There are quests about parents accepting their kids leaving the nest, political disagreements, modernity vs. tradition, journalistic integrity, and even reuniting a group of musical performers. In particular, there’s a quest where a certain town is split between sticking to its roots and embracing new ideas. 

It has a neat little message about accepting both that I think rings true, especially in our current society. There’s also a questline about working with a newspaper to find out what happened to Zelda. I may be a teeny bit biased but I loved this questline. Each story was essentially just a little short vignette, but they were always fun and engaging. You do all of these quests with your journalist buddy, Penn, who is the coolest guy ever. I’m not kidding, I’d take a bullet for this oversized bird.

The side quests really help to flesh out the world of Hyrule and make it feel like a real place with charming characters and plotlines. Each character, both big and small, has so much personality infused into them that I can’t help but love them even if they aren’t the deepest characters on planet Earth. Even this one bumbling moron who can’t figure out how to put a sign up correctly is charming in his own way.

Some side quests also unlock cool and unique rewards too. For example, if you do the quests for this ugly, Humpty Dumpty-looking guy, Kilton, you get to make a display diorama of monsters and enemies you’ve taken pictures of. You also can build a house, though admittedly the house-building mechanics kind of suck. They give you pre-set room options so it’s annoying trying to make everything look nice when you can’t make it exactly how you want it to look. It ends up being more finicky and frustrating than helpful, but I won’t lie that house came in handy when I was out of food and needed to heal quickly.

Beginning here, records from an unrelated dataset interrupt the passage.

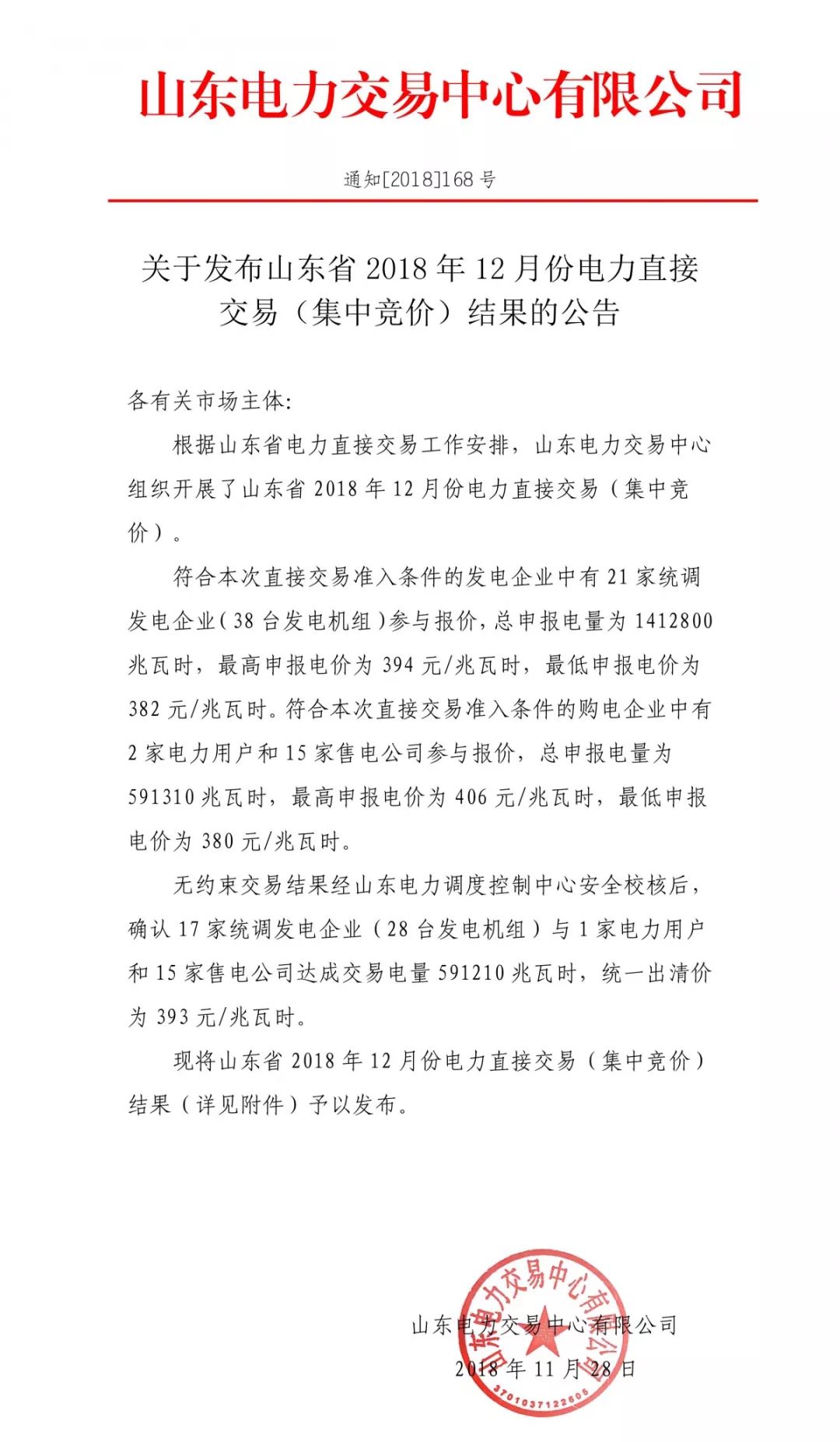 關(guān)于發(fā)布山東省2018年12月份電力直接交易(集中競(jìng)價(jià))結(jié)果的公告
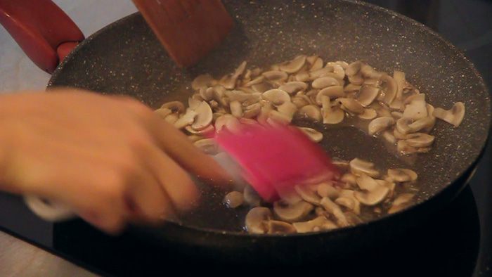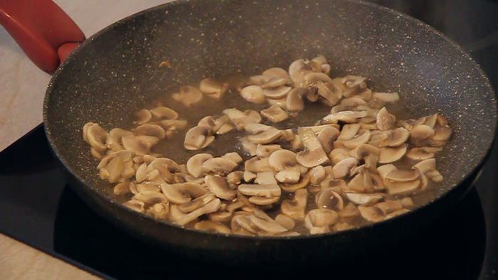 На полученном масле обжариваем порезанные грибы до появления легкой золотистой корочки.
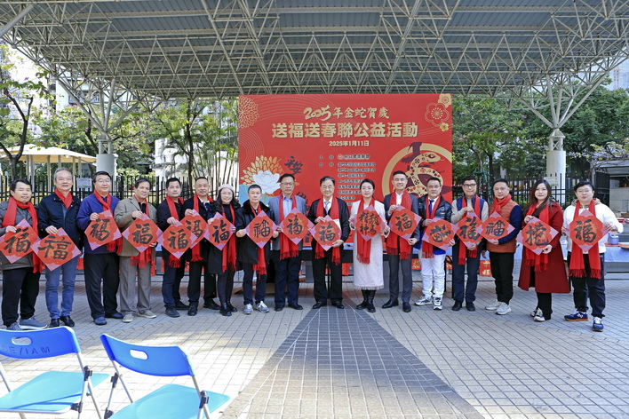 【本報消息】新春佳節,金蛇賀歲,為進一步推動社區和諧共融,豐富居民節日文化生活,營造歡樂祥和的節慶氛圍,由民眾建澳聯盟主辦,澳門大灣區經濟促進商會、澳門中山坦洲工商聯合會、澳門二龍喉詩友會、中山市五桂書法院、珠海市硬筆書法協會、坦洲鎮書法美術協會、民眾青年會合辦的「2025金蛇賀歲送福送春聯公益活動」於上周六在祐漢公園舉行,現場十多位書法家揮毫潑墨,為居民書寫寓意吉祥的春聯和福字,送上新春的美好祝福。

If you couldn’t tell based on the sheer length of this review, we feel very strongly about this game. While we are fairly critical of the game’s numerous flaws, that’s partially because a lot of the flaws from Breath of the Wild carried over to this game which just made them more apparent here. 

Despite those flaws, though, Tears of the Kingdom is a triumphant success and a technological marvel to behold. How this game was fit into only a 16 GB cartridge and runs as well as it does on supremely outdated hardware still blows our minds. Just like its predecessor, Tears of the Kingdom has become the gold standard for not only how to design a dynamic and engaging open world, but also how to follow up on an already incredible game. 

Everyone said this after Breath of the Wild too, but Nintendo has a really tough act to follow after this game.